Inviato da Flavia Scarano il Mer, 22/10/2014 - 11:06

"La più grande vittoria dell'Italia in Europa è quella di aver proposto e per alcuni versi imposto un piano di investimenti da 300 miliardi di euro. E' il primo segno di attenzione non solo all'austerità e al rigore ma anche alla crescita e agli investimenti. Siamo in una fase di transizione". Così il presidente del Consiglio, Matteo Renzi, che ha riferito oggi al Senato alla vigilia della due giorni di Consiglio europeo a Bruxelles. "Domani si terrà l'ultimo Consiglio europeo guidato da Van Rompuy cui parteciperà, come presidente Barroso, dopo dieci anni. Credo sia un passaggio rilevante", ha voluto rimarcare Renzi. "L'Europa volta pagina nella guida delle sue istituzioni".

"Vorrei che le nuove istituzioni europee mostrassero un po' più di coraggio e l'orgoglio di appartenere a questa Comunità" che è l'Europa, ha aggiunto il premier, sottolineando che la Ue sta cambiando le sue istituzioni e bisogna "cogliere questa occasione" perché "noi non siamo gli osservati speciali" ma un Paese che fa le riforme. "Il clima della comunità economica internazionale sta rapidamente cambiando" e "il vertice del G20 metterà al centro la parola crescita", ha proseguito Renzi. "Io trovo che non sia più rinviabile" una discussione "su come l'Europa vuole puntare ad uscire dai margini stretti del solo rigore per puntare ad una strategia di crescita. Non c'è solo un problema italiano, ma dell'intera area dell'Euro, che è oggi la cenerentola dello sviluppo mondiale". "Del resto, il fondo monetario internazionale ha evidenziato come il focus sulla crescita sia assolutamente prioritario".

Renzi ha invitato tutti "a fare un salto di qualità nella discussione europea: viviamo una sorta di subalternità culturale. Basta una mezza dichiarazione dell'aiutante del portavoce del sottosegretario della Commissione, per avere i titoloni 'L'Europa, intima, avverte, minaccia'". "Questo perché - ha proseguito il primo ministro - l'istituzione europea è vista come altro da noi. Ciò che viene dalle istituzioni europee è di per sé elemento ostile e ostativo rispetto alle prospettive italiane" mentre "l'Ue è casa nostra e dobbiamo starci in un altro modo". 

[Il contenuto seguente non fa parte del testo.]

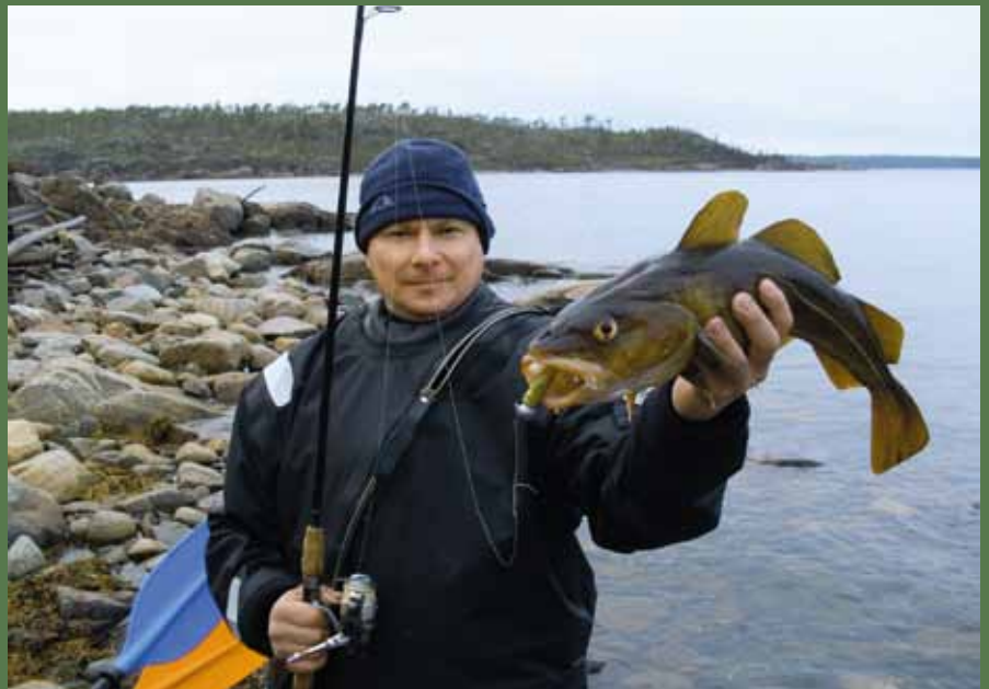
Такой экземпляр может какое-то время спокойно тащить байдарку вместе с гребцами

Из бухты неподалеку показалась моторная лодка. Местные коллеги подошли к нам на «Казанке» с пятицилиндровым мотором. Изрядно подивившись нашему суденышку, похвастались своим уловом. Шесть или семь морских окуней, пойманных с глубины около 35 метров. Снасть коллег была очень проста: можжевелевый короткий удильник

Nel frattempo oggi Jean-Claude Juncker, presidente della nuova commissione europea, ha annunciato che il piano di investimento da 300 milioni di euro sarà presentato al Consiglio europeo prima di Natale e non entro fine gennaio. Juncker ha inoltre precisato che "le regole di stabilità non si cambiano" ma "con i margini di flessibilità consentiti dai trattati". Lo dice Jean Claude Juncker aggiungendo che "non ci saranno svolte epocali" e che "la disciplina di bilancio, con la flessibilità e le riforme strutturali" sono necessari per "ridare slancio" all'economia europea.